Ik zie inderdaad een belangrijke rol voor Vlaanderen weggelegd. Vlaanderen heeft momenteel reeds heel wat knowhow in huis.
Ik geef een paar voorbeelden. Eerst en vooral is er de aanwezigheid van imec, dat een belangrijke rol speelt in twee Europese ambities voor het digitale decennium tegen 2030, namelijk: 20 procent van de wereldwijde productie van halfgeleiders moet plaatsvinden in Europa, en een eerste kwantumcomputer in Europa. Vlaanderen heeft ook een sterk halfgeleider ecosysteem, met zijn micro- en nano-elektronica die enkele van de sleuteltechnologieën zijn waarmee Europa haar concurrentiepositie wil behouden en versterken. Vlaanderen kan bogen op een deskundige knowhow hierin, geconcentreerd rond zijn vijf universiteiten en het strategisch onderzoekscentrum imec. Een brede pool van startups en andere innovatieve spelers fungeert als een brug tussen deze knowhow en een reeks nieuwe toepassingen, zoals slim textiel, revolutionaire medische apparaten, biotechnologische doorbraken, digitale innovaties en zo meer.

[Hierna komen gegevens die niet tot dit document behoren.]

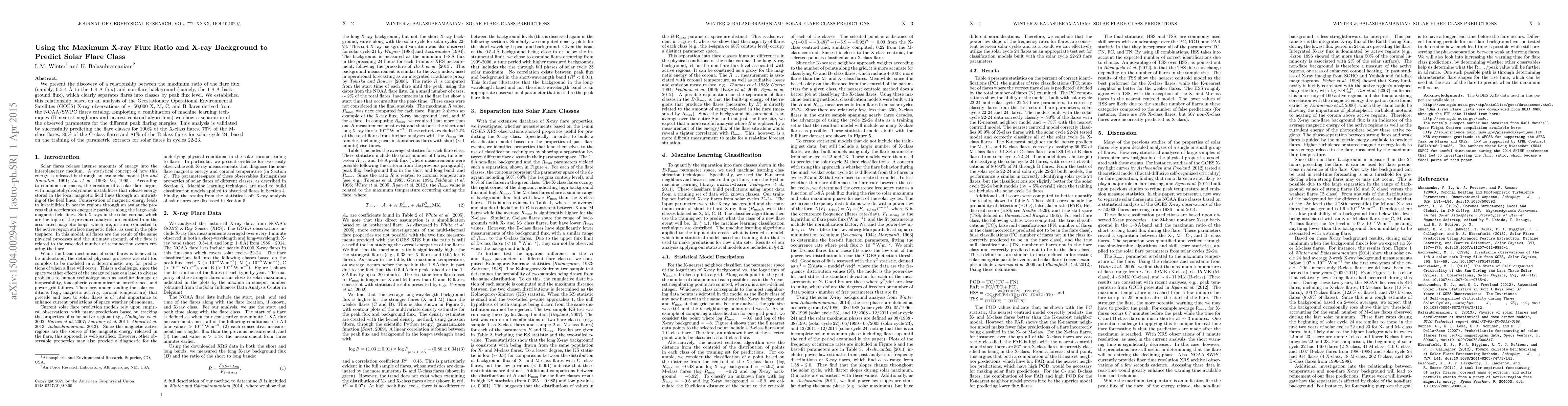 This study identifies a relationship between the maximum X-ray flux ratio and background to predict solar flare classes using GOES satellite data and machine learning techniques. The method successfully predicts X-class flares with 100% accuracy and M, C, and B classes with 76%, 80%, and 81% accuracy respectively.

Op het vlak van cybersecurity heeft Vlaanderen een erkende wetenschappelijke expertise. Internationaal onderscheidt Vlaanderen zich van de rest in vier grote expertises: applicatie- en softwarebeveiliging; strategische veiligheidsdiensten; systeem en infrastructuur; technologische bouwstenen. Vlaanderen investeert jaarlijks 20 miljoen euro in cyberveiligheid. Het Vlaams Beleidsplan Cybersecurity is gericht op onderzoek, praktische toepassingen bij bedrijven en opleiding.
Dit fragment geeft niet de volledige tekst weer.